Print only the lines below from the one with "A comfy and" to the one with "1、檢驗原理:通過比色的方法", both included, exactly as they stand. Leave pictures out.
START DATASET EXCERPT
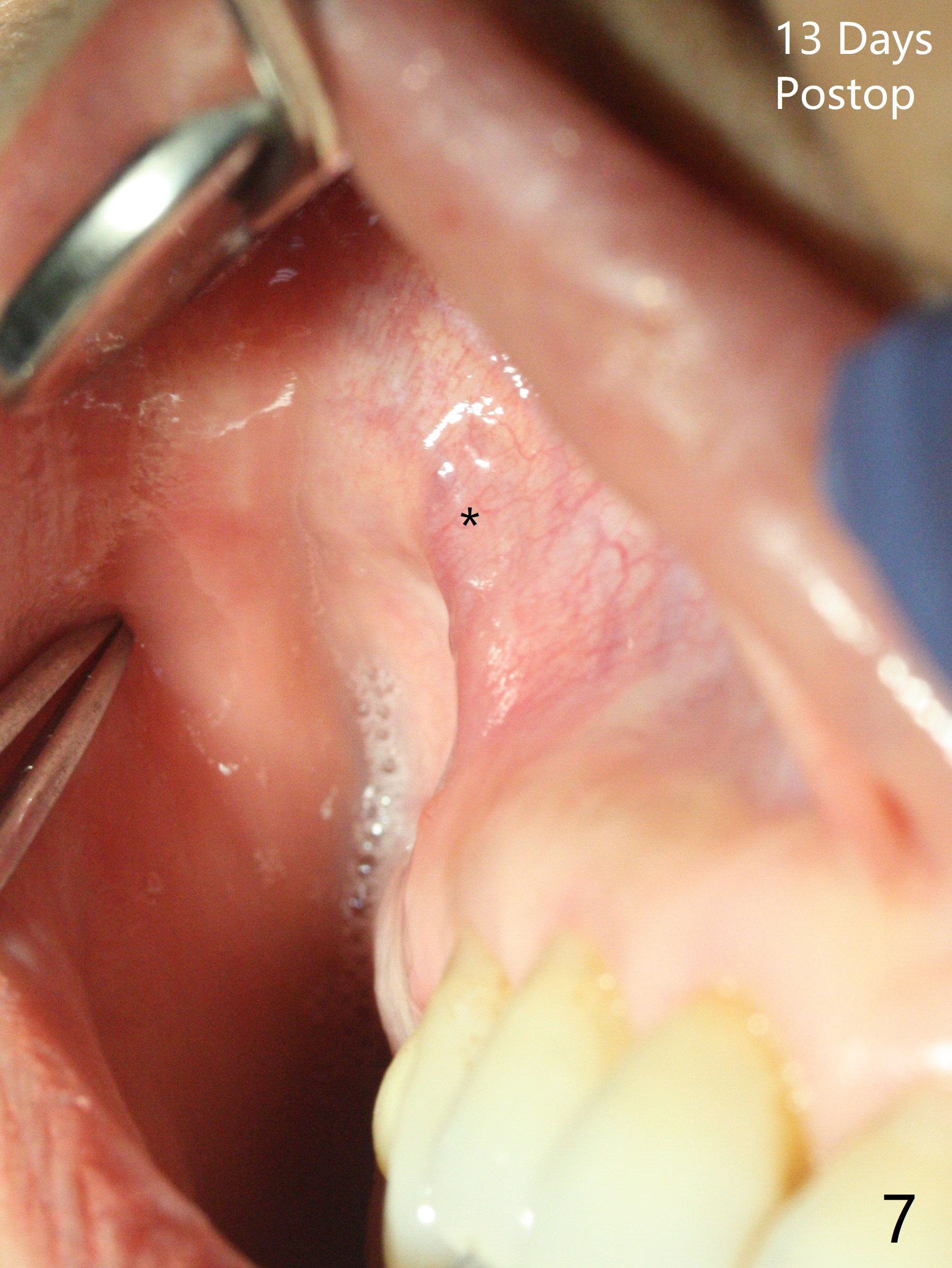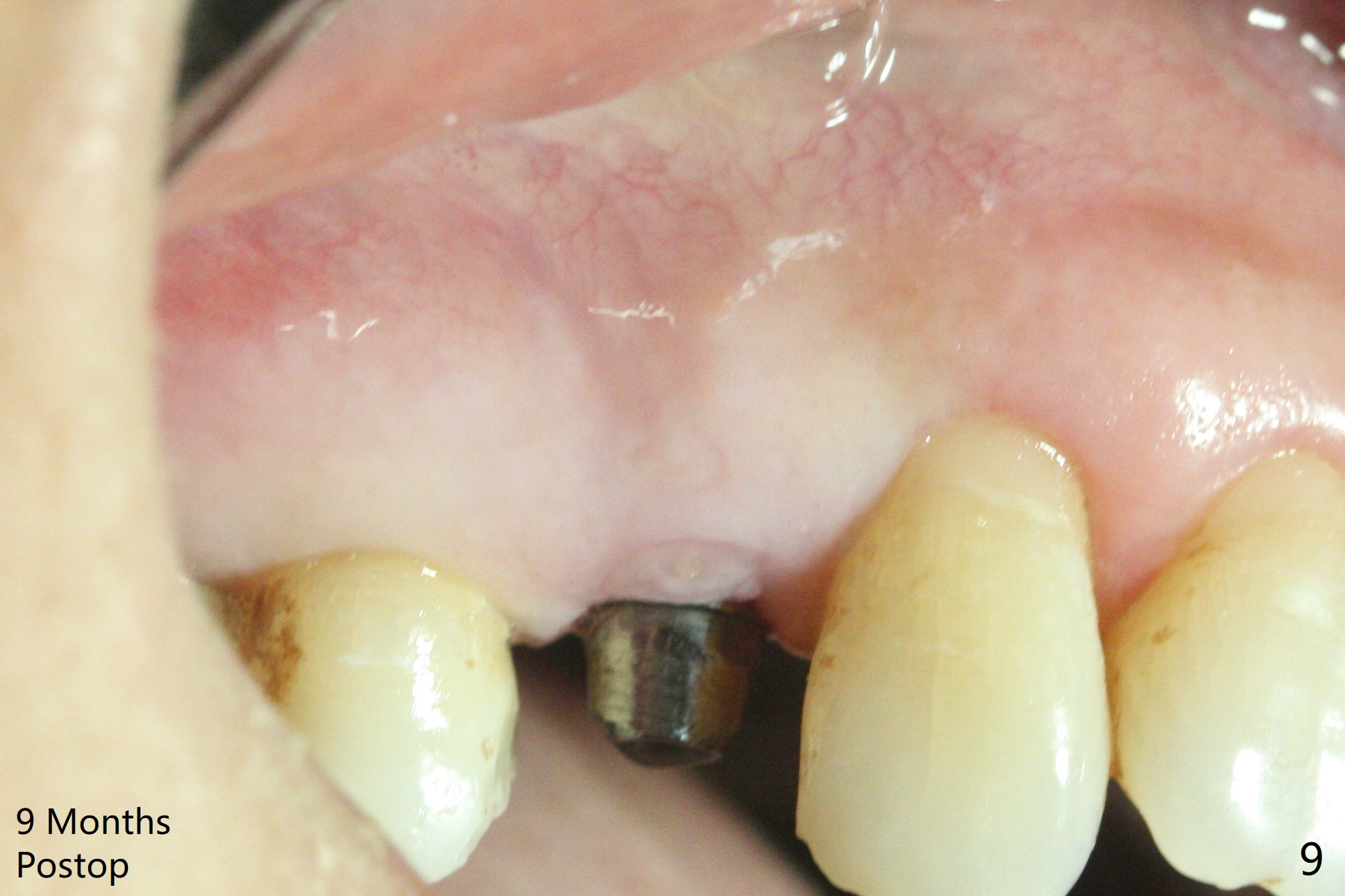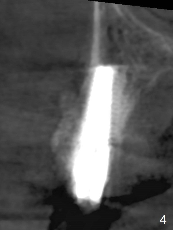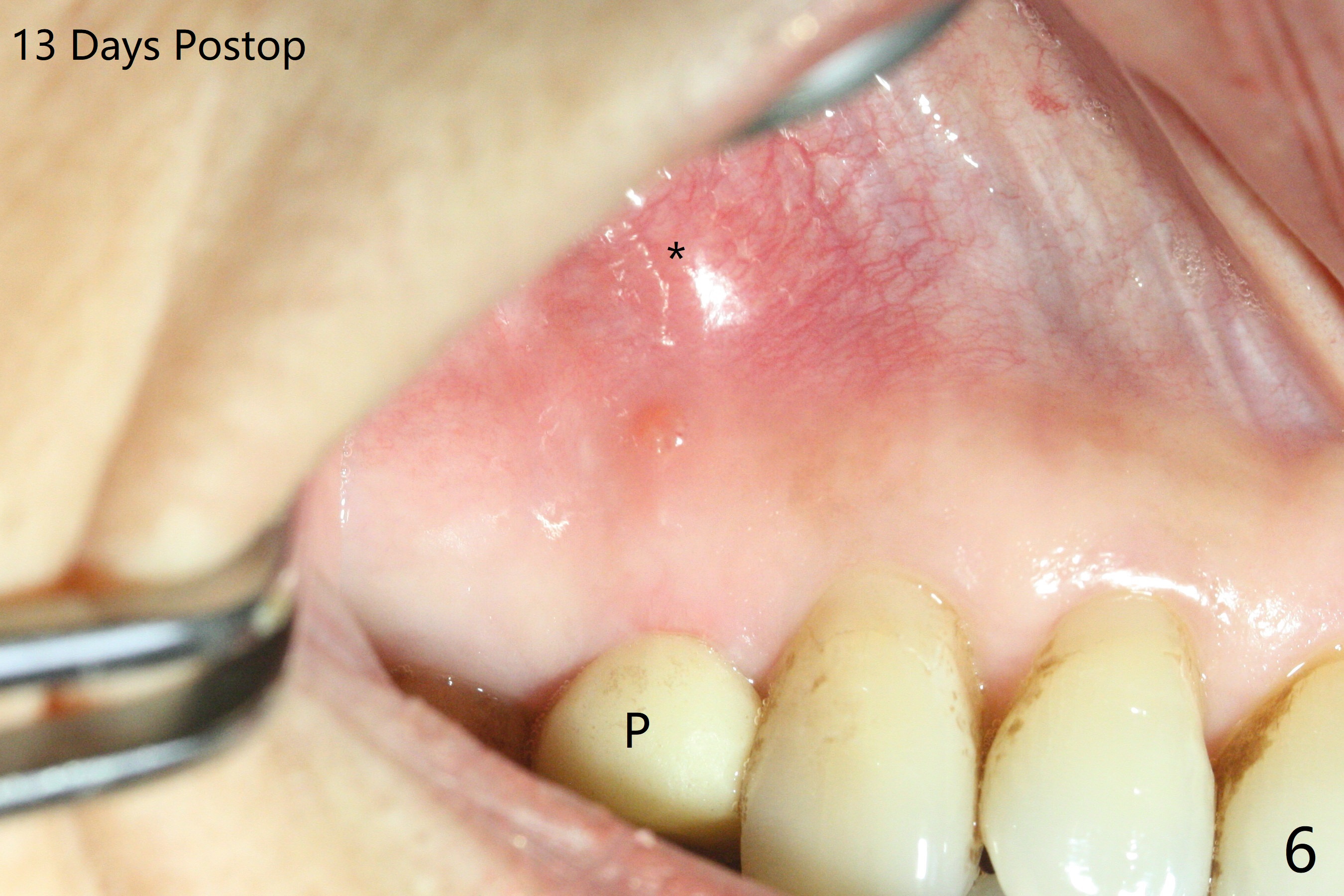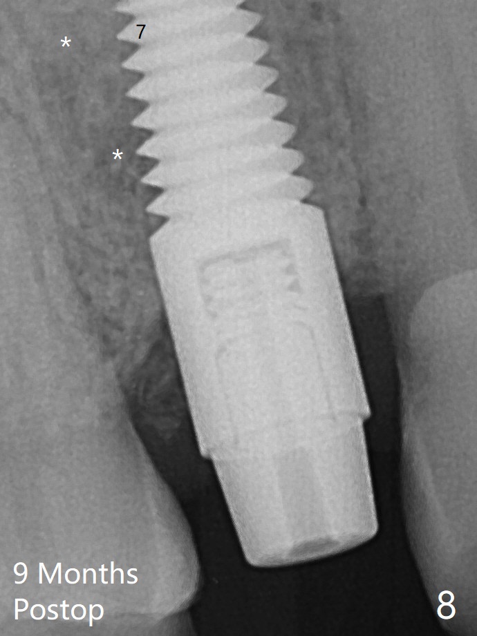 After extraction of the tooth #4 with fistula (Fig.1), the buccal bony defect is superior to the fistula. Before placement of a 4.5x17 mm tissue-level implant (Fig.2) and after osteotomy for bone-level one, PRF and mixture of autogenous bone and allograft are pushed from the socket through the buccal defect for repair (Fig.3 arrowheads). The trajectory of the implant (Fig.4) is consistent with design (Fig.5). The fistula reduces in size and in redness, while the apical elevation (as related to the underlying bone graft) remains prominent 13 days postop (Fig.6,7 *). The distal defect has been apparently repaired 9 months postop (Fig.8 *, as compared to immediately post bone graft in Fig.2). The distal defect has been apparently repaired 9 months postop (Fig.8 *, as compared to immediately post bone graft in Fig.2). The fistula disappears (Fig.9).
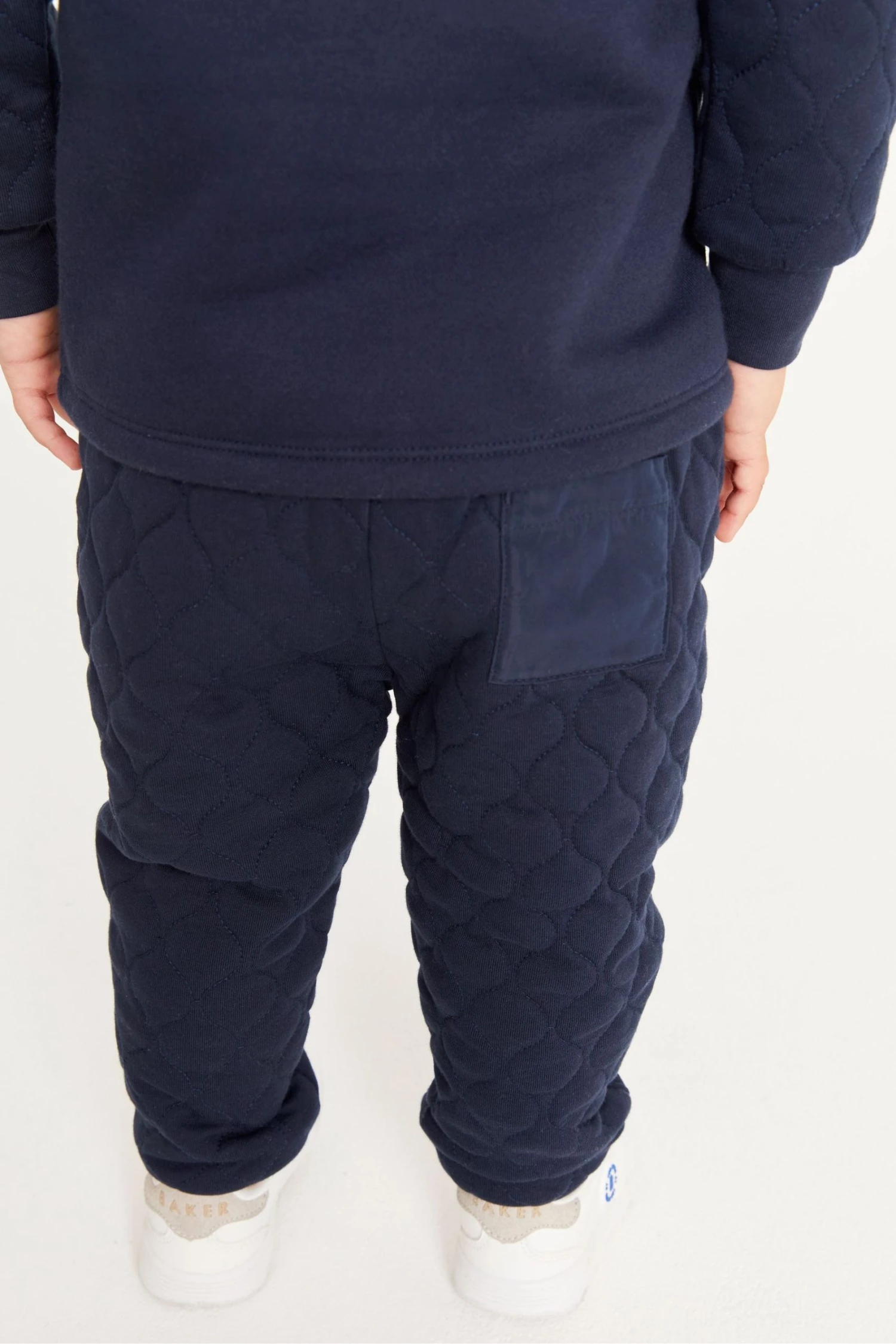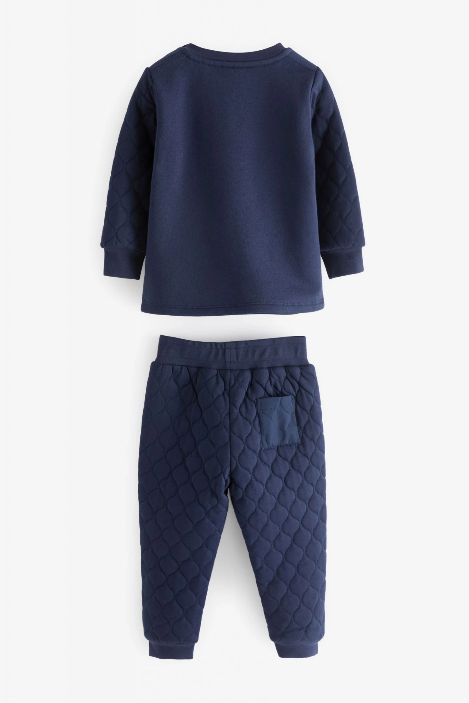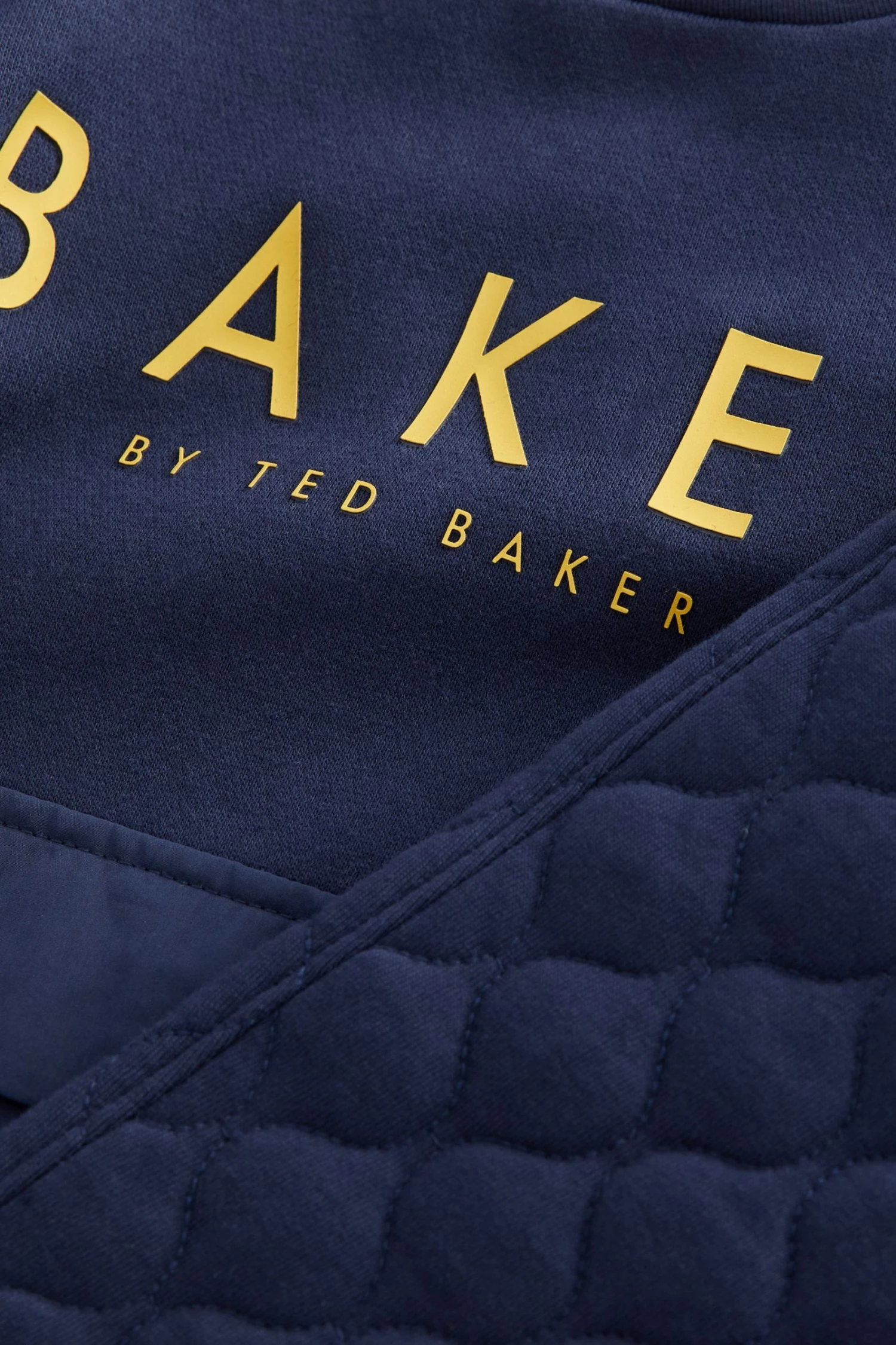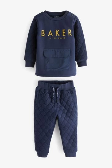 A comfy and stylish addition to their wardrobe, this navy sweatshirt and joggers set features quilted detail on the arms and joggers. With button shoulder opening for easy dressing and a front envelope pocket. Joggers have front and back pocket detail and stretchy waistband and ankle cuffs. With Baker branding to the chest and drawcords.
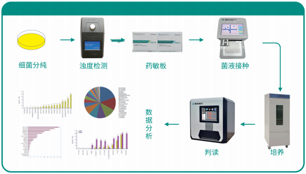 1、檢驗原理:通過比色的方法檢測細菌對生化孔各種碳源(或氮源)、酶等利用情況,通過比濁及比色方法檢測細菌在藥敏孔的生長情況,采用專業的圖像采集技術,自動讀取測試板的生化及藥敏結果
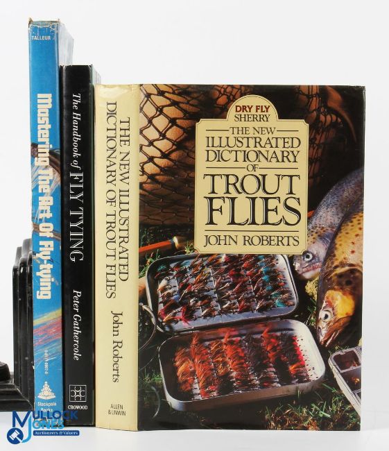 11x Fly Fishing Books: to include Fly-Tying Illustrated Wet & Dry Patterns, signed copy and dedication, Freddie Rice 1981, The Caddis and The Angler Larry Solomon Eric Leiser 1981 +D/J, The World's Best Trout Flies John Roberts 1994, Art of Fly-Tying Richard M Talleur 1979, and The Versatile Fly-Tyer Dick Talleur, signed with dedication, The Handbook of Fly-Tying Peter Gathercole 1991, The New Illustrated Dictionary of Trout Flies John Roberts 1986, Mastering the Art of Fly-Tying Richard W Talleur 1979, Trout Flies of Stillwater John Goddard 1977, Stillwater Flies How and When to Fish Them John Goddard 1989, Trout Flies of Britain and Europe John Goddard 1991, 1st edition. (11 - box)
END DATASET EXCERPT
WRITTEN RESPONSE:
 A comfy and stylish addition to their wardrobe, this navy sweatshirt and joggers set features quilted detail on the arms and joggers. With button shoulder opening for easy dressing and a front envelope pocket. Joggers have front and back pocket detail and stretchy waistband and ankle cuffs. With Baker branding to the chest and drawcords.
 1、檢驗原理:通過比色的方法檢測細菌對生化孔各種碳源(或氮源)、酶等利用情況,通過比濁及比色方法檢測細菌在藥敏孔的生長情況,采用專業的圖像采集技術,自動讀取測試板的生化及藥敏結果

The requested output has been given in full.